John Linneman of Eurogamer talks in the October 2016 Metroid Prime episode of their Digital Foundry Retro video series about Ishiiruka. He compares playing Metroid Prime via Ishiiruka to playing it on original hardware, Wii and GameCube, and upstream Dolphin. Linneman argues that “the benefits kind of outweigh any of the smaller issues that you might encounter”. He continues to point out features of Ishiiruka that “allow you to push the visuals beyond what you can achieve using standard Dolphin. For instance, you can add lots of cool additional enhancements like depth of field, ambient occlusion, various types of color correction and a whole lot more . It's also worth noting that this version of Dolphin helps avoid the shader compilation stutters that plagued the official release of the emulator and it leads to a much more fluid experience.”

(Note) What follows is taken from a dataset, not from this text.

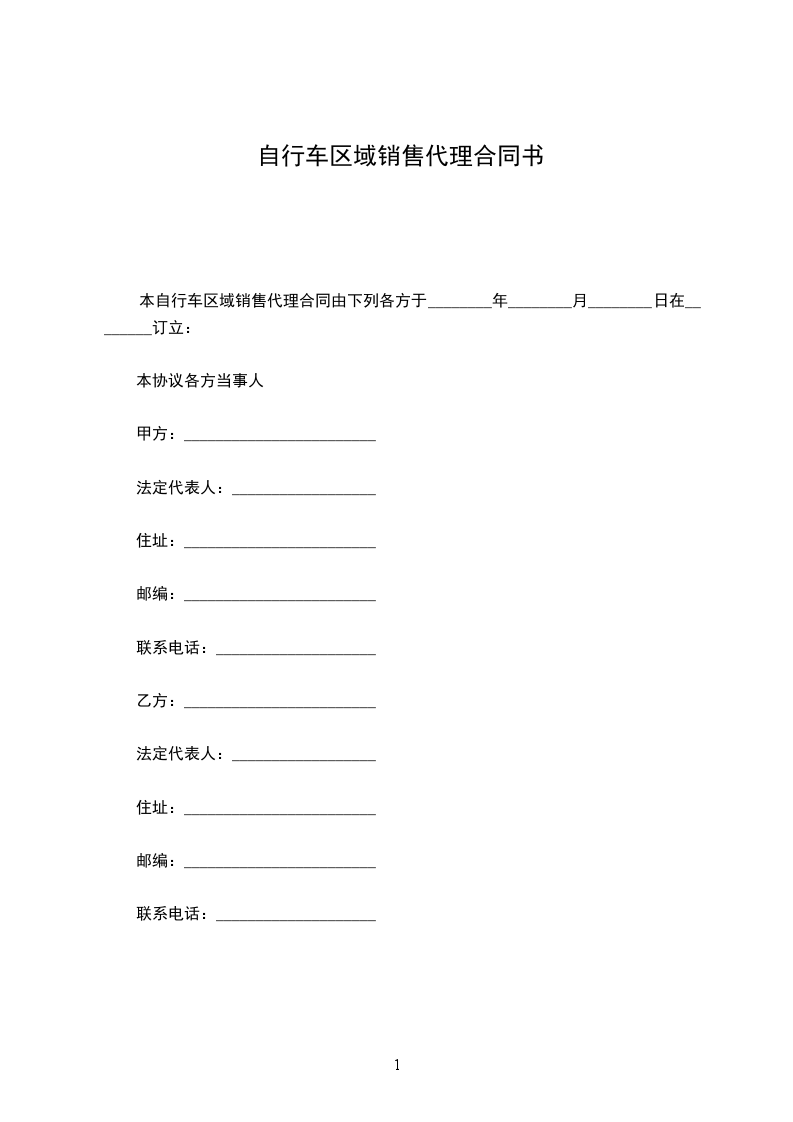 本自行车区域销售代理合同由下列各方于________年________月________日在________订立:

As with Dolphin, development is hosted on GitHub.

PrimeHack

PrimeHack is a version of Dolphin created by shiiion that has been modified to play Metroid Prime Trilogy on PC with keyboard and mouse controls. Two variants exist of PrimeHack – one is based on Ishiiruka, the other one on Dolphin proper. The latter is as of October 2019 the focus of development after it laid dormant between February and October 2019.
The source code is hosted on GitHub.